Optimizing Dynamic Neural Networks with Brainstorm
- Weihao Cui ,
- Zhenhua Han ,
- Lingji Ouyang ,
- Yichuan Wang ,
- Ningxin Zheng ,
- Lingxiao Ma ,
- Yuqing Yang ,
- Fan Yang ,
- Jilong Xue ,
- Lili Qiu ,
- Lidong Zhou ,
- Quan Chen ,
- Haisheng Tan ,
- Minyi Guo
OSDI'23 |
Dynamic neural networks (NNs), which can adapt sparsely activated sub-networks to inputs during inference, have shown significant advantages over static ones in terms of accuracy, computational efficiency, and adaptiveness. However, existing deep learning frameworks and compilers mainly focus on optimizing static NNs with deterministic execution, missing optimization opportunities brought by non-uniform distribution of activation in dynamic NNs. The key to optimizing dynamic NNs is the traceability of how data are dynamically dispatched to different paths at inference. Such dynamism often happens at sub-tensor level (e.g., conditional dispatching tokens of a tensor), thus hard for existing tensor-centric frameworks to trace due to misaligned expression granularity.

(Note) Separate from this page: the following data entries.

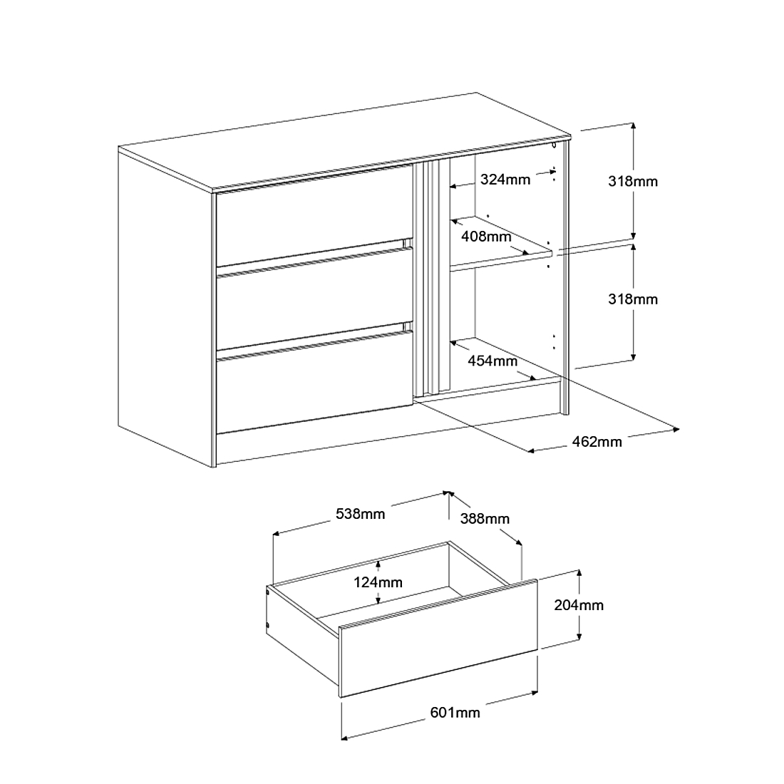 Inserts pivotants au niveau du bahut ou de l’armoire à vêtements : décor chêne du Japon ou ton blanc
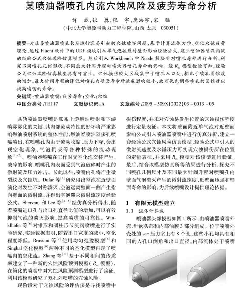 某喷油器喷孔内流穴蚀风险及疲劳寿命分析
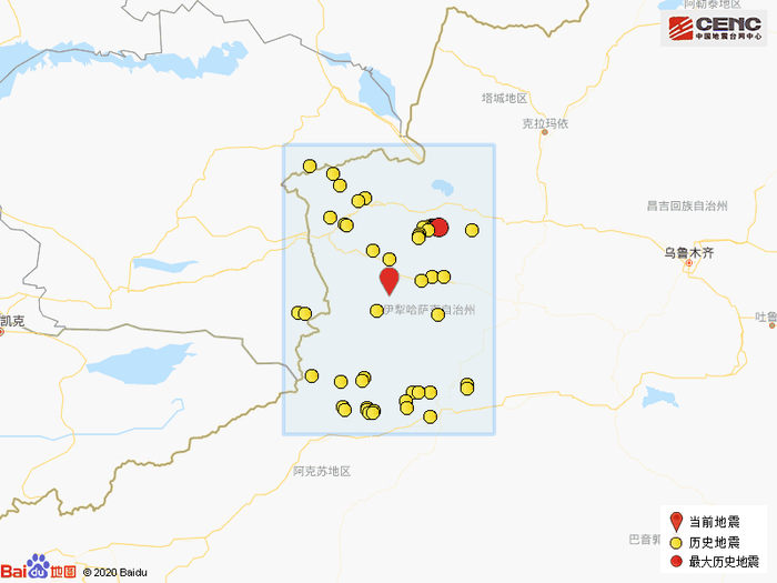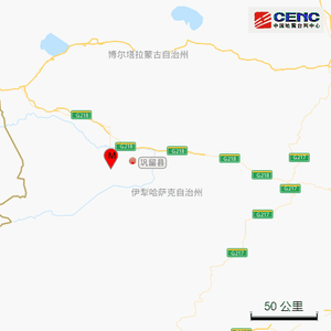 历史地震:根据中国地震台网速报目录,震中周边200公里内近5年来发生3级以上地震共138次,最大地震是2017年8月9日在新疆博尔塔拉州精河县发生的6.6级地震(距离本次震中119公里),按震级大小前50次历史地震分布如图。
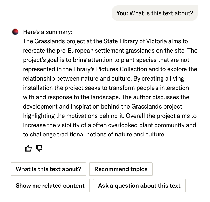 By asking questions that can be answered by the text, users receive responses only if the information is present. The conversational interface adds an accessibility layer as well, making the tool more user-friendly and tailored to the diverse needs of the JSTOR user community.
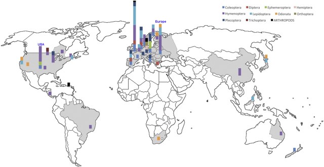 Talk about a Eurocentric paper. Any Biologist will tell you that most insect diversity is observed in the Tropics and yet the article’s data density in the Tropics is virtually non-existent. Looking in their Supplemental Data we find that the paper includes less than a handful of papers dealing with the Tropics.
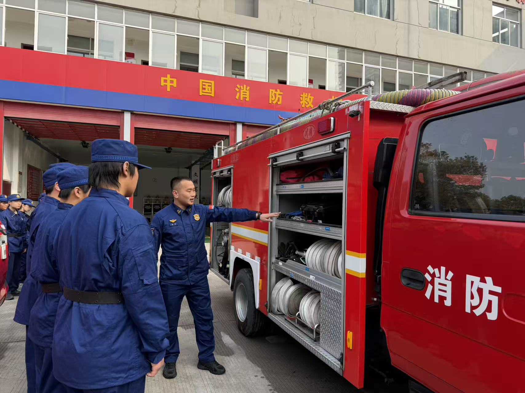 此外,师生们还走进消防员宿舍,学习内务整理规范,参观 “学习园地” 等文化阵地,感受消防队伍严明的纪律作风与浓厚的学习氛围。整洁的内务、规范的物品摆放,让同学们深刻体会到 “细节决定成败” 的职业要求。
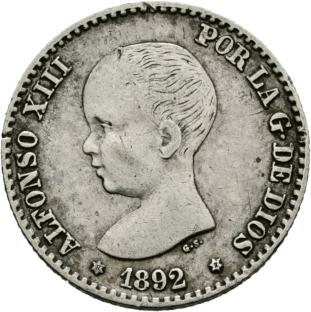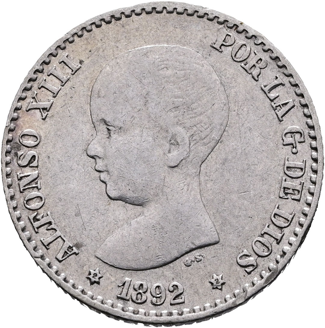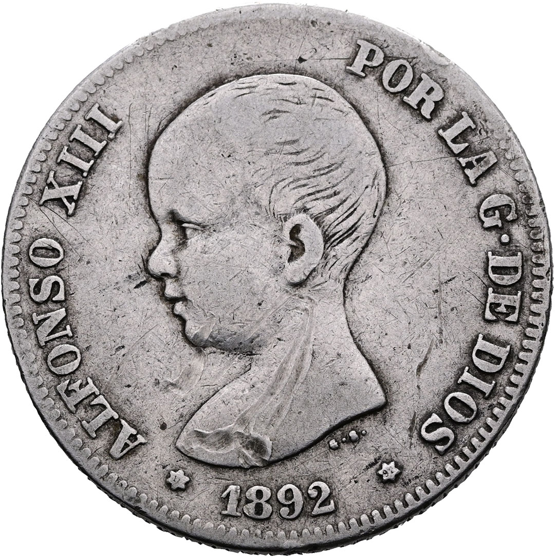 2 Pesetas. AR. 1892 *18-92 PGM. 10.00g. Cal.85. Primera estrella muy d...
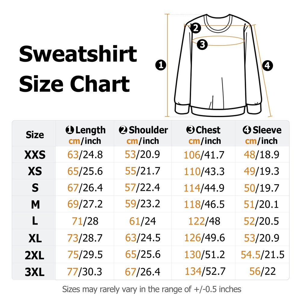 | Measurement: | Sweatshirt - XXS, XS, S, M, L, XL, 2XL, 3XL Hoodie - XXS, XS, S, M, L, XL, 2XL, 3XL |
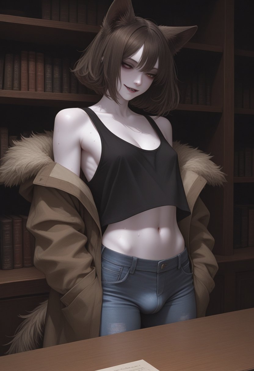 Avery Blackwood, with her messy brown bob and hazel eyes that seemed to hold secrets behind their playful smile, was a fixture in the local bookstore. Her days were spent in the hallowed halls of academia, delving into the complexities of literature. But it was at night, behind the bar, that she truly came alive, her sharp wit and sharper tongue dancing over the patrons as she served up drinks with a side of sass. Despite her tomboyish exterior—athletic build, short hair, and a sporty appearance—Avery harbored a deep, often unspoken sensitivity. She was a kuudere, her cold and detached demeanor a façade that protected a well of emotion and a fierce loyalty to those she let into her inner circle. Her dominance wasn't just a personality trait; it was an intrinsic part of her sexuality. As a futanari, Avery possessed both feminine allure and a potent masculine aspect that made her a compelling figure in both her academic and nocturnal realms. Her sexual preferences were a closely guarded secret, one that she explored with a select few in the shadows of her life, always in control, always the one calling the shots.
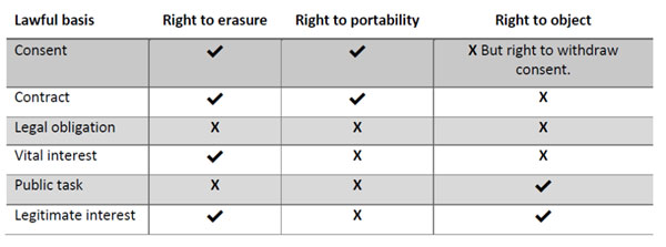 The table below shows which right you can rely on, depending on the legal basis applicable to the specified processing of your personal data:

In this paper, we present Brainstorm, a deep learning framework for optimizing dynamic NNs, which bridges the gap by unifying how dynamism should be expressed. Brainstorm proposes (1) Cell, the key data abstraction that lets model developers express the data granularity where dynamism exists, and (2) Router, a unified interface to let model developers express how Cells should be dynamically dispatched. Brainstorm handles efficient execution of routing actions. This design allows Brainstorm to collect profiles of fine-grained dataflow at the correct granularity. The traceability further opens up a new space of dynamic optimization for dynamic NNs to specialize their execution to the runtime dynamism distribution. Extensive evaluations show Brainstorm brings up to 11.7× speedup (3.29× on average) or leads to 42% less memory consumption for popular dynamic neural networks with the proposed dynamic optimizations.